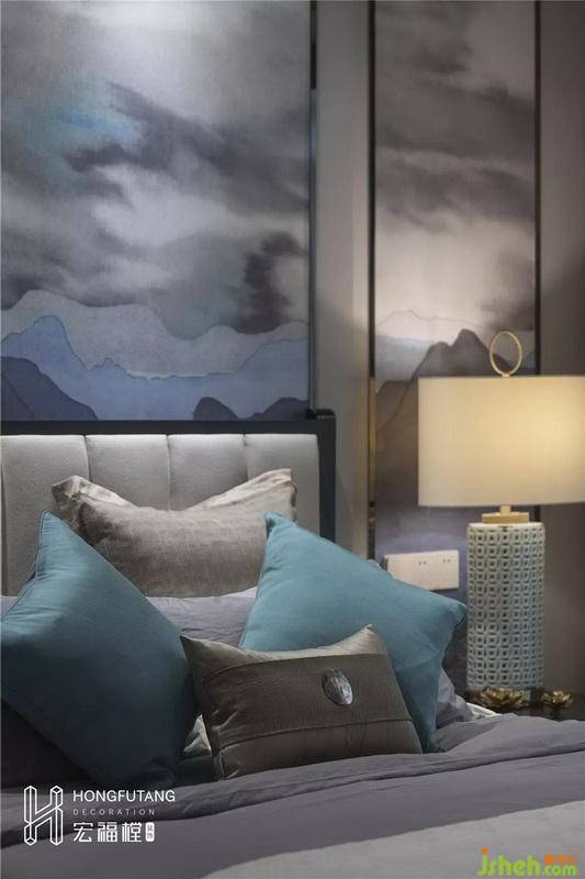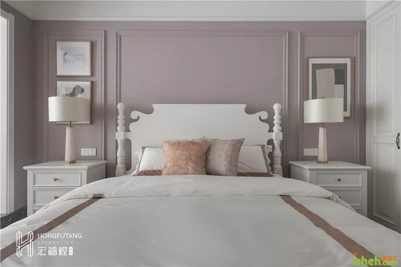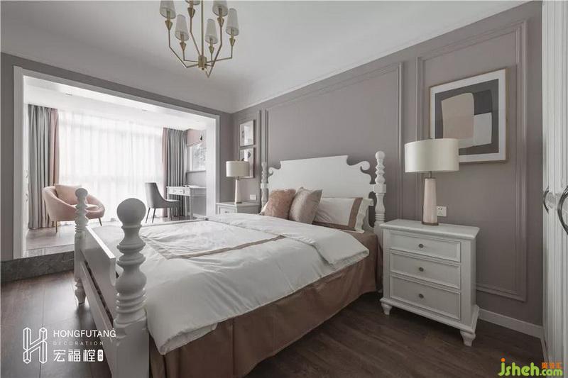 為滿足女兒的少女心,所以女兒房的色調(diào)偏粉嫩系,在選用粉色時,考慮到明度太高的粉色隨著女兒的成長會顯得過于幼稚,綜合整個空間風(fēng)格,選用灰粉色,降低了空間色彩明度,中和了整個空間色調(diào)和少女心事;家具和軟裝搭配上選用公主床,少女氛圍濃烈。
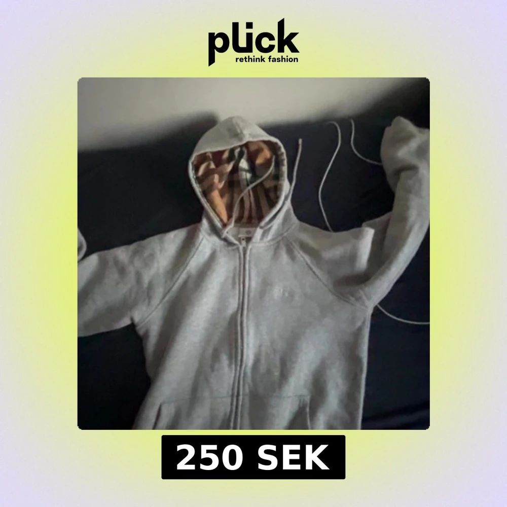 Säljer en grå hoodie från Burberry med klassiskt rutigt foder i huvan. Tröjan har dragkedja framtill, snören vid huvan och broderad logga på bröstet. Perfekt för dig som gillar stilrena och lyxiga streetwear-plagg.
========================================
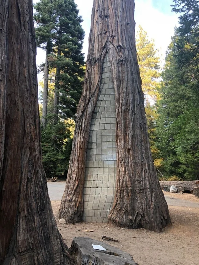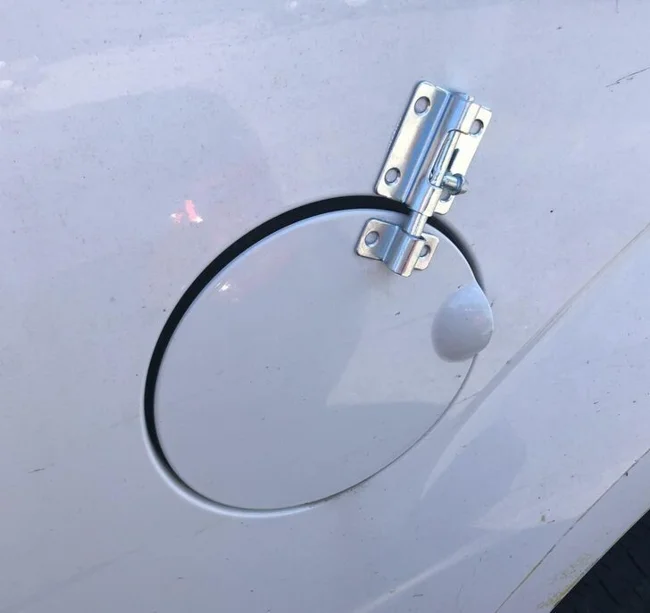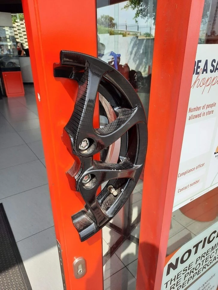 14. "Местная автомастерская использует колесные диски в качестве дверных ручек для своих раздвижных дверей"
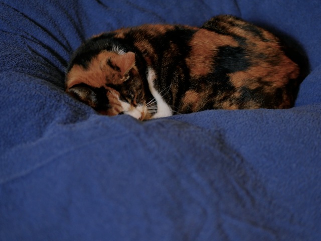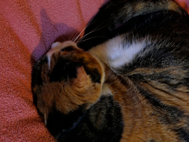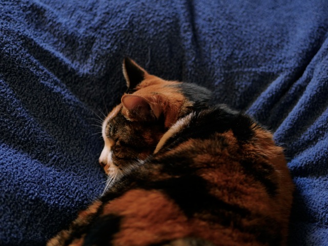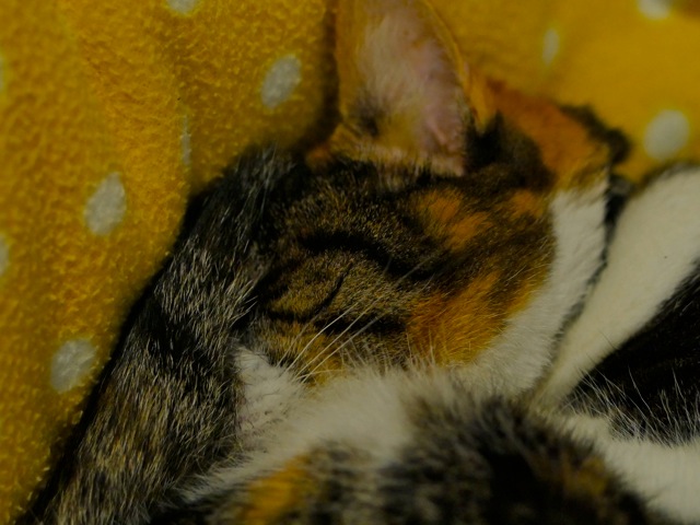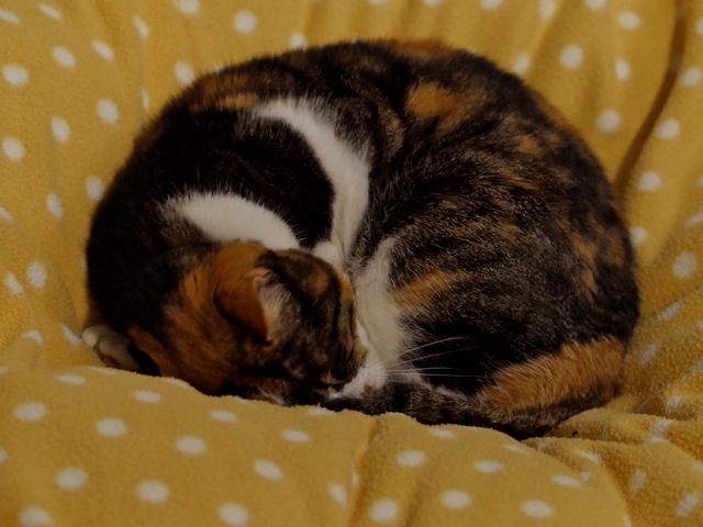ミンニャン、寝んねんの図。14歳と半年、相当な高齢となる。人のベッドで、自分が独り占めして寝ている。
========================================
● **What is expected**
Would you restate, exactly and with no pictures, the lines of the entries above from the one containing "為滿足女兒的少女心,所以女兒" through the one containing "Säljer en grå"?

● **Output**
 為滿足女兒的少女心,所以女兒房的色調(diào)偏粉嫩系,在選用粉色時,考慮到明度太高的粉色隨著女兒的成長會顯得過于幼稚,綜合整個空間風(fēng)格,選用灰粉色,降低了空間色彩明度,中和了整個空間色調(diào)和少女心事;家具和軟裝搭配上選用公主床,少女氛圍濃烈。
 Säljer en grå hoodie från Burberry med klassiskt rutigt foder i huvan. Tröjan har dragkedja framtill, snören vid huvan och broderad logga på bröstet. Perfekt för dig som gillar stilrena och lyxiga streetwear-plagg.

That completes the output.